I also trained the model on a custom image. I used LR = 1e-3, L=15 and 2000 iterations as the image is more detailed and has more features. PSNR graph: Samples across training (2000 / 16, 2000 / 8, 2000 / 4, 2000 / 2, 2000 iterations): The PSNR graph increased slower for the custom image, I think this is because the image is more detailed and it's harder to fit the model to it.
For hyperparameter tuning in addition to trying different learning rates from 1e-2 to 1e-4 (which didn't have meaningful effect on the results), I also tried different L values. Here are the results of custom image NeRF training for L=5, L=10, L=15. PSNR graphs:
Final generated images:
As you can see, L=5 has clearly worse final result and plateus at a lower PSNR score (although having faster growth in the beginning). This suggests that L=5 is too low and the model is not able to capture enough details. L=10 actually has better PSNR score although its results are similar to L=15. This shows that L=10 is enough to capture the details of the image, while L=15 makes training slower and doesn't improve the results.
## Part 2: Fit a Neural Radiance Field from Multi-view Images For **parts 2.1 - 2.2** of the assignment, I implemented transformation and sampling functions closely following the instructions. I wrote lots of tests with random inputs to make sure that the functions are working correctly. For ray sampling, I followed the global sampling approach. For **part 2.3** I decided to avoid creating a dataloader since it wasn't clear how to organize random sampling of pixels with PyTorch classes. And the benefits of putting functions into a class were also not clear, so I ended up using global functions for data sampling. But I still was able to use my functions with given viser code snippets to produce 3D illustrations of camera positions and sampled rays. 100 rays sampled globally with 64 samples per ray with perturbation: 100 rays sampled from one camera (first training image): Viper was a great tool to use and it helped me a ton with debugging my sampling code.

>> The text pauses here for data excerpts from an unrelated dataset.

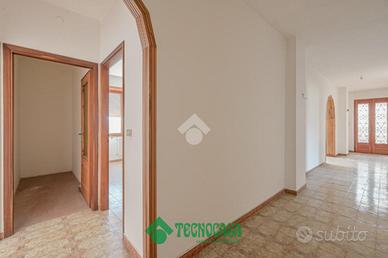 L'ingresso si apre su un corridoio centrale che distribuisce in modo ordinato tutti gli ambienti della casa. Gli spazi interni sono ampi e ben proporzionati: il doppio soggiorno, particolarmente luminoso, ha accesso diretto al terrazzo; la cucina è abitabile e separata; la zona notte è composta da tre camere da letto. Completa il piano un bagno finestrato e ulteriori due terrazzi che donano sfogo esterno e luminosità agli ambienti.
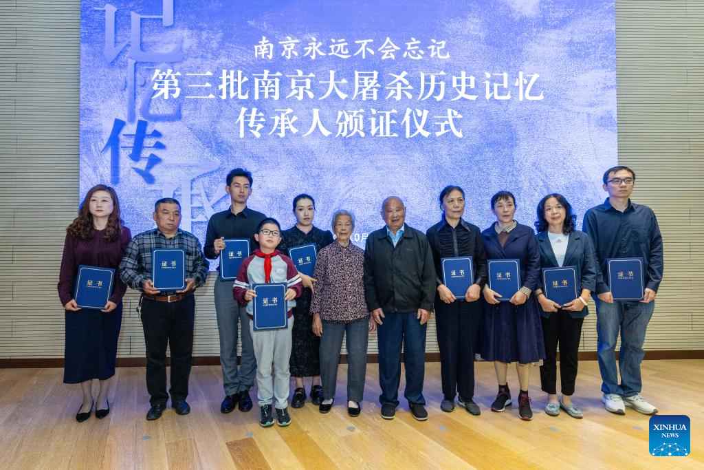 The inheritors of historical memories regarding the Nanjing Massacre pose for photos with the Nanjing Massacre survivors Ai Yiying (6th L) and Liu Minsheng (7th L) in Nanjing, east China's Jiangsu Province, Oct. 11, 2024. (Xinhua)
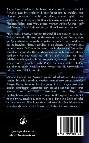 Als widrige Umstände ihr keine andere Wahl lassen, als sich freiwillig zum Interstellaren Bräute-Programm zu melden, wird Hannah Johnson an nicht nur einen, sondern gleich zwei Gefährten vermittelt. Ihre künftigen Ehemänner sind Krieger vom Planeten Prillon-einer Welt, dessen Männer weithin für ihre Kraft und Geschicklichkeit bekannt sind, im Kampf wie auch im Bett. Nach ihrem Transport auf ein Raumschiff am anderen Ende der Galaxis erwacht Hannah in Gegenwart von Zane Deston, dem großgewachsenen, umwerfend gutaussehenden Kommandanten der prillonischen Flotte. Nachdem er sie darüber informiert, dass sie nun seine Gefährtin ist, sowie auch die seines Sekundärs, nimmt sich Zane der Überwachung ihrer gründlichen und intimen ärztlichen Untersuchung an. Als sie sich weigert, mit dem Schiffsarzt wie gewünscht zu kooperieren, handelt sie sich eine schmerzhafte, peinliche Tracht Prügel auf ihren bloßen Hintern ein, aber es ist die Reaktion ihres Körpers auf die Untersuchung, bei der sie erst richtig rot wird. Obwohl Hannah die Aussicht darauf schockiert, von Zane und seinem Sekundär geteilt zu werden-dem ebenso gutaussehenden Krieger Dare-, kann sie ihre Erregung nicht verbergen, wenn ihre beiden dominanten Gefährten sich die Zeit nehmen, über ihren Körper zu herrschen. Während der Tag der Besitznahme-Zeremonie immer näher rückt, beginnt Hannah, sich nach dem Augenblick zu sehnen, in dem Zane und Dare sie völlig an sich nehmen. Aber kann sie es riskieren, ihr Herz Männern zu schenken, die jederzeit im Kampf ums Leben kommen könnten? Anmerkung des Verlags: Den Kriegern hingegeben ist ein eigenständiges Buch, das in der gleichen Welt spielt wie Dem Partner zugewiesen. Es ist ein erotischer Liebesroman, in dem Spanking, sexuelle Szenen, medizinische Spielchen, BDSM-Elemente und mehr vorkommen. Falls Ihnen derartige Inhalte unangenehm sein sollten, bitten wir Sie, dieses Buch nicht zu kaufen.
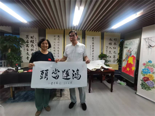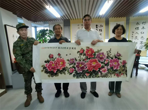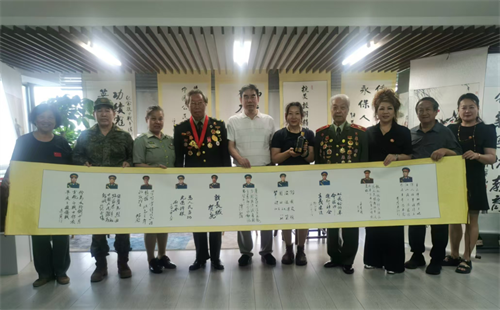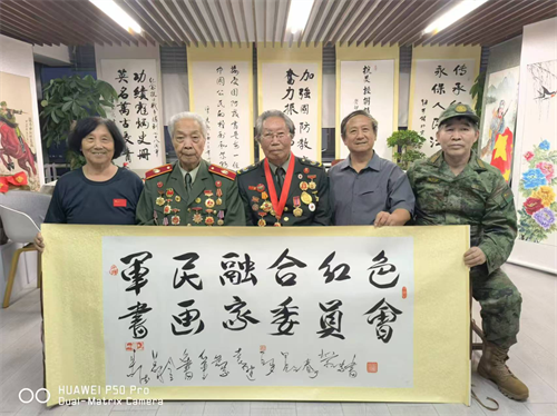慶祝中國人民解放軍建軍97周年書畫筆會(展)在嘹亮的中國人民解放軍軍歌《義勇軍進行曲》拉開了序幕。91歲高齡的抗美援朝戰(zhàn)斗英雄李采講述了1952年入伍(16歲)參加抗美援朝、1960年參加西藏平叛剿匪、1962年參加對印作戰(zhàn)等戰(zhàn)斗故事,同時李采館長得到黃胄老師,老紅軍首長王德清指導,從沙盤走入山水畫仙境,并寫生創(chuàng)意高原景觀,是中國中外名人文化研究會理事、著名詩書畫學者,尤長于山水畫研究。被戰(zhàn)友們稱為“拓荒牛”的“張思德傳人”——孔祥秀,他以英模的身份先后25次受到毛主席接見,他作為警衛(wèi)標兵、軍隊學習毛主席著作積極分子的典范,多次與毛主席親切握手并合影留念。天安門城樓上國慶觀禮他就站在毛主席身邊,當毛主席聽到天安門廣場上群眾高呼“毛主席萬歲”,毛主席左手抓住欄桿,右手向前舉起高呼“人民萬歲”!1968年1月19日,毛主席和周恩來、聶榮臻、徐向前、葉劍英等黨和軍隊領導人接見北京衛(wèi)戍區(qū)和中央警衛(wèi)團英模人物,首都警衛(wèi)戰(zhàn)士共300余人參加接見??紫樾阕鳛橹飨瘓F成員,在前排右側座位上就座??紫樾愦丝桃呀?jīng)肩負起抗美援越中的戰(zhàn)斗任務,忍不住向毛主席說出了自己的心里話:“毛主席呀,我們明天就要去抗美援越了,我一定要把所有戰(zhàn)士都安全地給您帶回來。”主席微笑著使勁地再握一下孔祥秀的手,高興地說:“好!好!好!”??紫樾阚`行書寫“人民萬歲”、“為人民服務”67年。著名書畫家北京百年風云文化藝術中心軍民融合紅色書畫家委員會北京、臺創(chuàng)園主席賀衛(wèi)平、劉青即興創(chuàng)作并捐贈30余幅慶祝中國人民解放軍建軍97周年及雙擁書畫。書畫筆會(展)在《中國人民志愿軍戰(zhàn)歌》中告一段落。
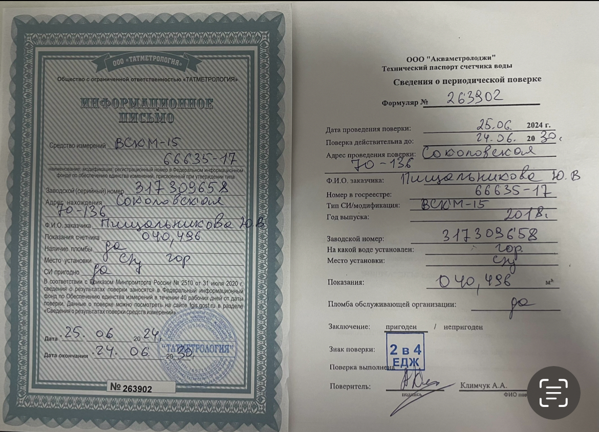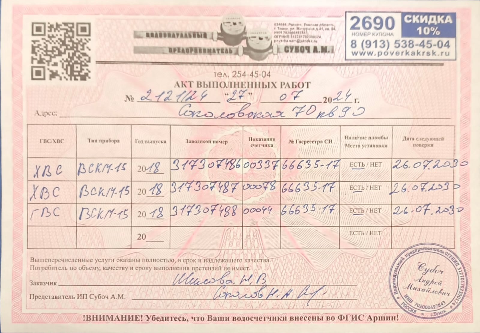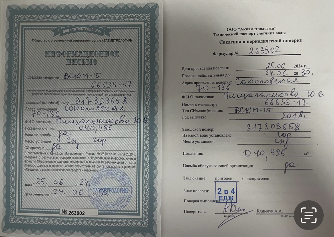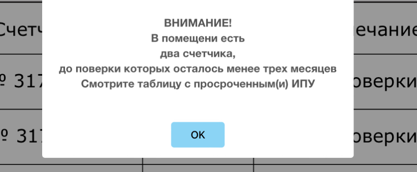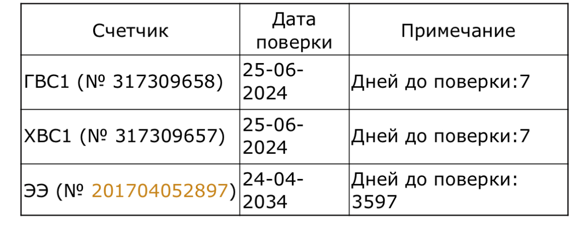 Обращение #25: 15-01-2019(17:39) Соколовская 72, 263 Добрый день. В пункте меню "Показания счетчиков" содержится сообщение: "В квартире есть счетчики (5), до поверки которых осталось менее трех месяцев!". Является ли это актуальной информацией? Если да, то каким образом провести поверку счетчиков? Заранее спасибо за ответ. | ||||||||
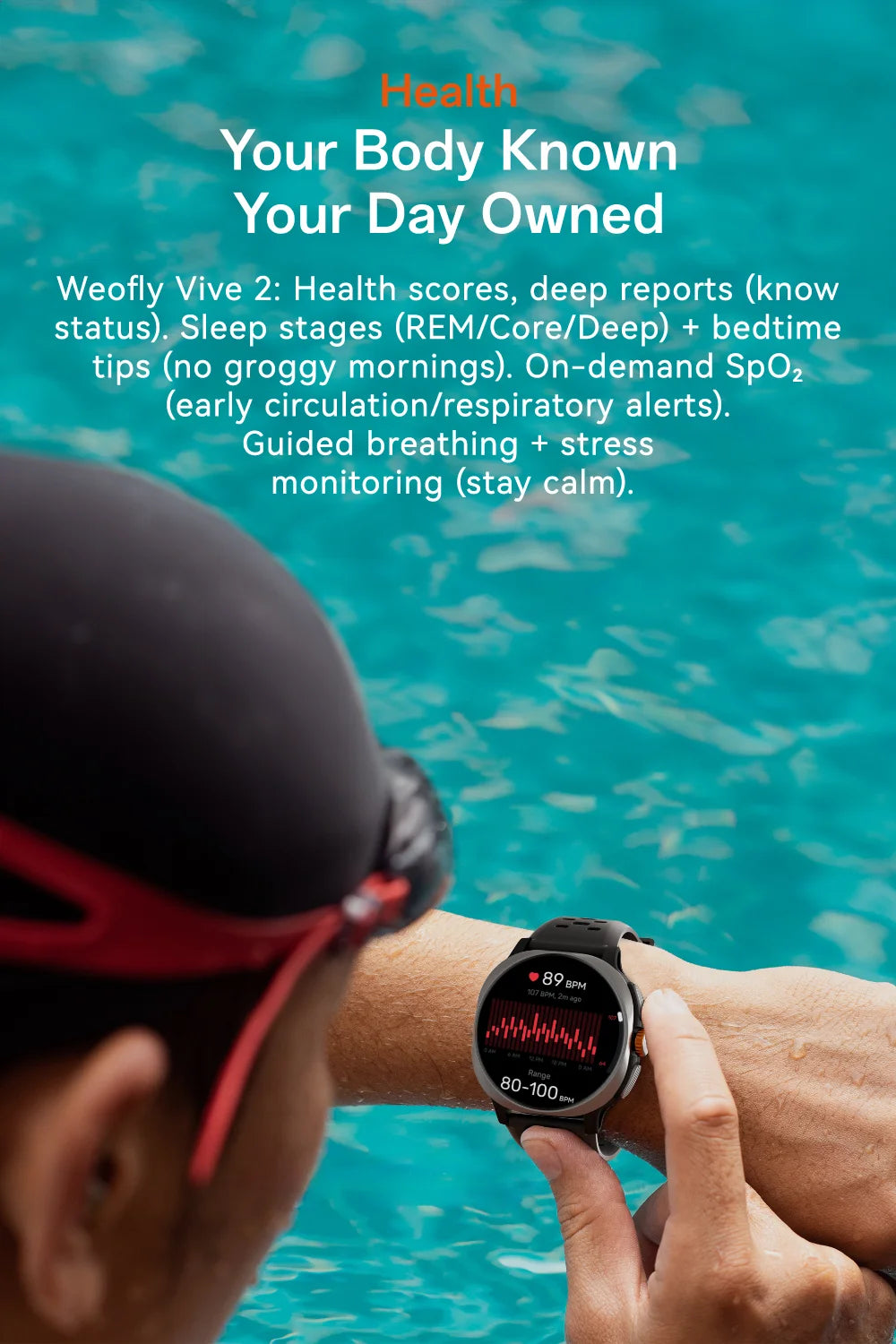 - 5ATM Waterproof & Automatic Workout Detection: The Weofly Vive 2 smartwatch offers plentiful professional workout modes, including cycling, strength training, running, swimming, and yoga. It is water-resistant up to 5ATM and features altimeter and barometer, making it ideal for swimming and skiing, hiking.
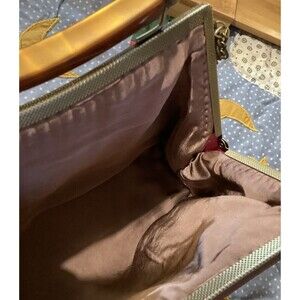 The bag has no tags or marks. It has a vintage look but feels new. I really do not know the age or history of this piece. Just selling it for the beauty it is.
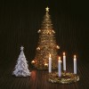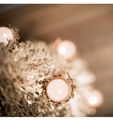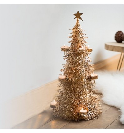 9 чаени свещи обикалят дървото и разпространяват особено празнично настроение, когато топлата светлина се отразява от златистите клони. Високо и величествено, дървото изпъква с височина 60 см.

I first implemented ray sampling with another approach of first choosing images and then sampling rays from them. Viper helped me see bugs in my implementation and I decided to switch to global sampling approach, which I then also debugged with Viper. Here is an extra illustration of sampling 100 rays and points for 10 times to make sure the whole scene is well represented by sampled points.
For **part 2.4** I implemented the NeRF model closely following the suggested architecture. For **part 2.5** I implemented volumetric rendering exactly as suggested in instructions. I used `torch.cumprod` in my implementation. The provided code tests were helpful to make sure that the rendering is working correctly.
To train the model, I used the suggested hyperparameter values: batch_size=10000 learning_rate=5e-4 I have trained the model for 2000 iterations, here is the results that I got. I used all 10 images for validation, not just 6. PSNR graphs (training, validation):
Here are images generated by the model at different iterations (camera of the first training image):
iteration 10
iteration 50
iteration 100
iteration 150
iteration 200
iteration 500
iteration 800
iteration 1800
Here is the final spherical rendering of the lego video using the provided test cameras extrinsics:
For the Bells and Whistles, I updated the volrend function to have custom pink background in the scene. The change was very simple, I just added a pink color multiplied by the last value of transmittance. Here's the same rendering video with pink background:
NeRF2D was unexpectedly easy. Debugging NeRF3D was very bitter.